From a government business perspective, often a transaction is associated with multiple scenarios, where the corresponding information and service resources are different for each scenario. For example, related services around an identification card can be subdivided into sub-items such as "claim", "change claim", "lose", etc., each sub-item in turn including a number of specific situations. Therefore, in order to achieve more accurate demand understanding and dialogue return, the specific situation of the user needs to be further refined, which needs to comb the business logic of the government, and construct a knowledge base and a knowledge graph on the basis, so as to support the subsequent question-answering step.
Specifically, in this embodiment, the carding government service logic includes at least three types: firstly, refining according to a flow, refining matters with complicated flow according to a handling link, and integrating related resources; secondly, refining according to user objects, and respectively expanding matters which have more user objects and different requirements for each class of object according to different user objects; thirdly, refining according to specific situations, and expanding matters which are different in requirements for more subdivision scenes according to specific situations; in addition, the process is refined according to the handling conditions, the fields and other dimensions.
In this embodiment, service logic is carded by taking a service handling service as an example:
firstly, the business main item of the business handling at the residence is as follows: handling the house;
secondly, the service sub-items of the service handling at the home are divided into: birth registration, entering into a Beijing, house entrance migration, house entrance cancellation and house entrance recovery;
and dividing the specific situations included in each service sub-item according to the service sub-item of the service transacted at the residence:
the specific cases of birth registration are divided into: the Beijing collective housing mouth of both parents and both parents, the Beijing household housing mouth of both parents and the Beijing collective housing mouth of both parents are in the military officer of the Beijing army, both parents and both parents are in the military officer of the Beijing collective housing mouth of both parents and one of the Beijing collective housing mouths of both parents is the outside-province city housing mouth of the other parent and one of the Beijing household housing mouths of both parents is the Beijing collective housing mouth of the other parent;
the specific situations of entering the Beijing and the household are as follows: the couple is close to the user, the old is close to the child, and the child is close to the parent;
the specific cases of the house entrance migration are divided into: urban migration, urban external migration, and urban external migration;
the specific cases of the log-out of the house are as follows: registering a log-out house;
the specific situations of the house opening recovery are divided into: restoring the house.
The constructing a government service knowledge map in S101 further includes: constructing a business knowledge system, including classifying business domains of government services, refining user objects of government services, refining business scenes of government services and refining business processes of government services;
the constructing a government service knowledge map in S101 further includes: extracting a service label corresponding to the history problem;
specifically, the service labels corresponding to the history problems include labels such as spoken language.
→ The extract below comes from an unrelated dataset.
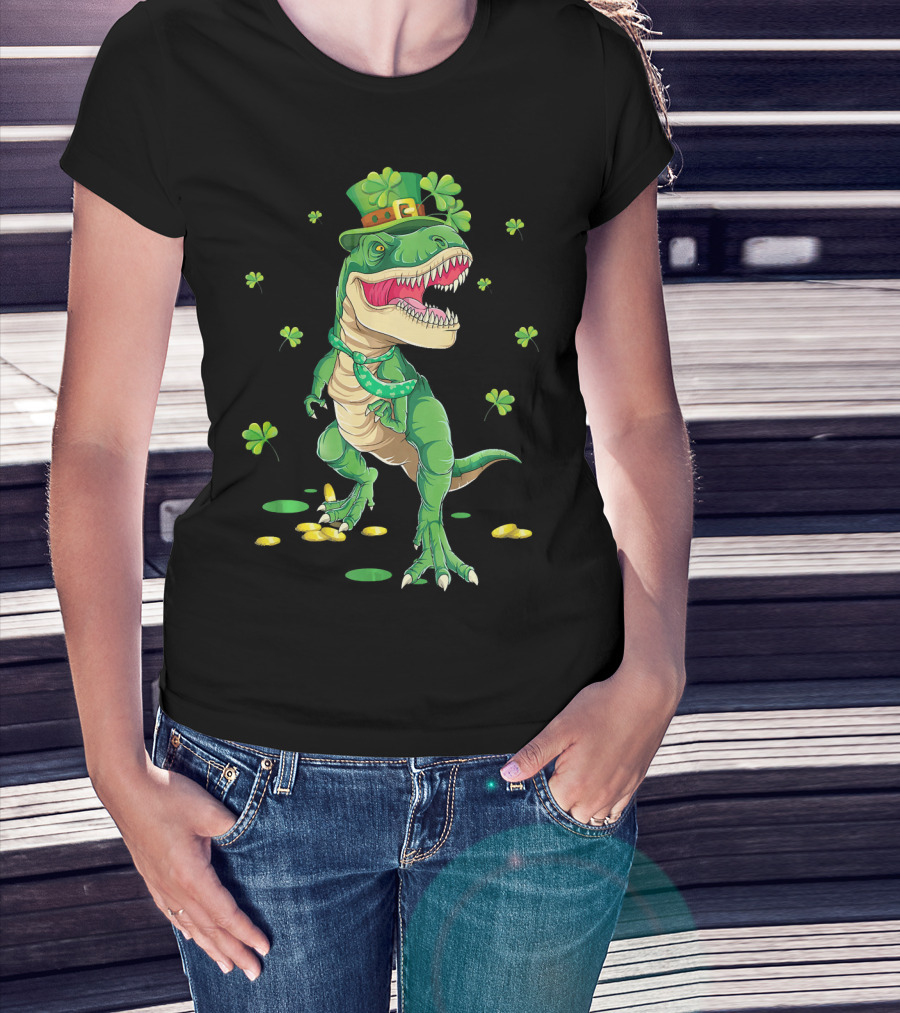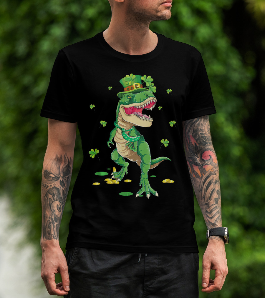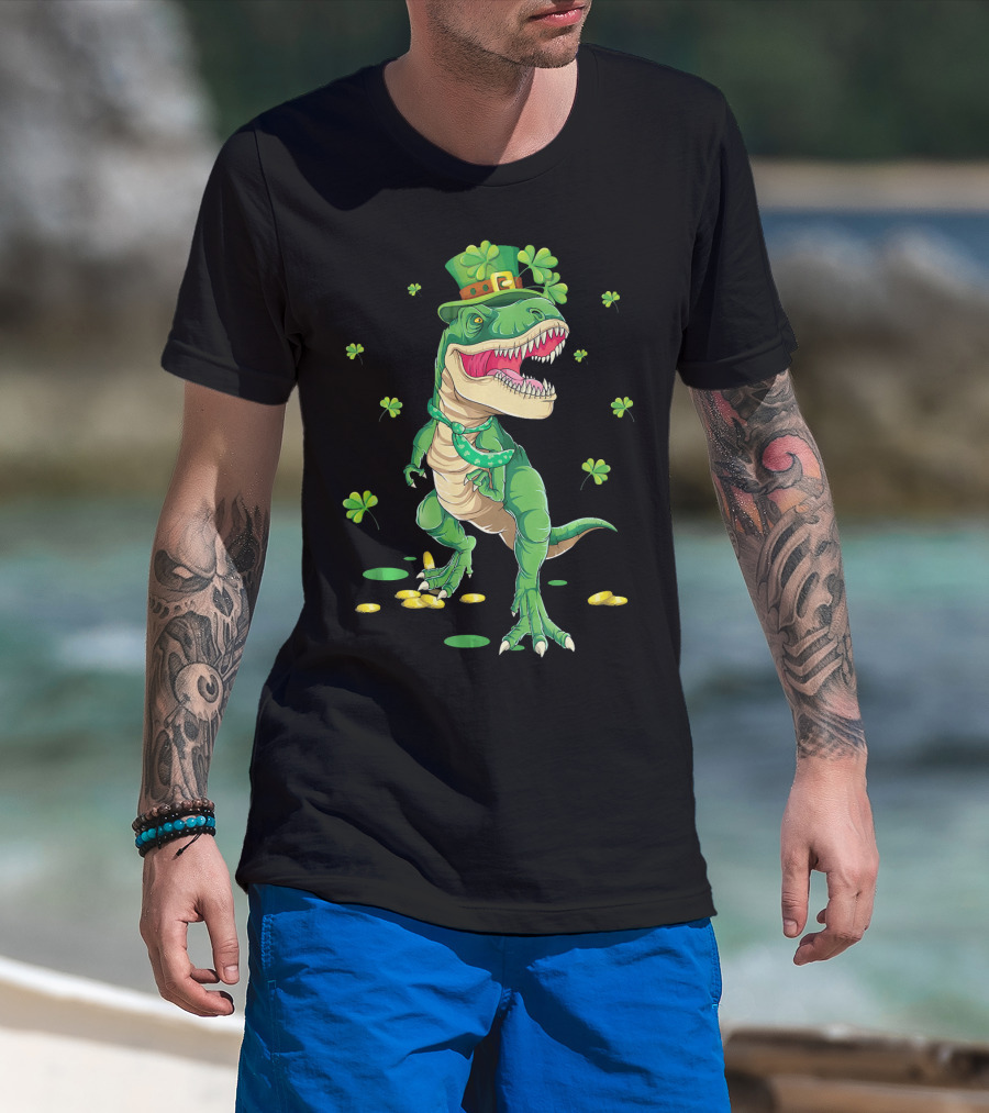 Happy St. Patrick’s Day Dinosaur Leprechaun Shamrocks Gold T-Shirt

From the perspective of users, when most users use the government service question-answering robot, some spoken keywords closely related to the service, such as identity card handling, identity card losing, identity card collar changing and the like, are often input, but complete sentences are rarely input, so that the words are more rarely matched with the names of government service items. Therefore, the method and the device can extract the labels of the types such as spoken language from the related historical problems on the basis of combing the business logic, so as to provide a basis for matching the user problems and the policy service contents in the subsequent steps, and further improve the accuracy of the mutual matching between the user problems and the policy service contents.
The constructing a government service knowledge map in S101 further includes: and splitting the complex service into a plurality of sub-services, and performing cross-service association on the sub-services.
In this embodiment, the complex service needs to be handled in a plurality of different domains and different types from the user's perspective, and the complex service needs to be handled according to a certain sequential flow. To achieve the goal of "one-time-through" of government services, the present solution requires that these complex services be carded, the related sub-services be carded out and organized according to a specific business process. Through the step, when the problem presented by the user relates to complex business, the whole business process related to different domains and different types can be obtained, the trouble of repeated questioning in different domains is avoided, and further the user experience is improved.
After the business logic of government service is combed, business labels corresponding to the history problems are extracted, and complex business is split into a plurality of sub-businesses, a government service knowledge graph can be further constructed, which comprises the following steps: and constructing a knowledge graph according to the government service business knowledge system, the government service knowledge flow and the cross-business association.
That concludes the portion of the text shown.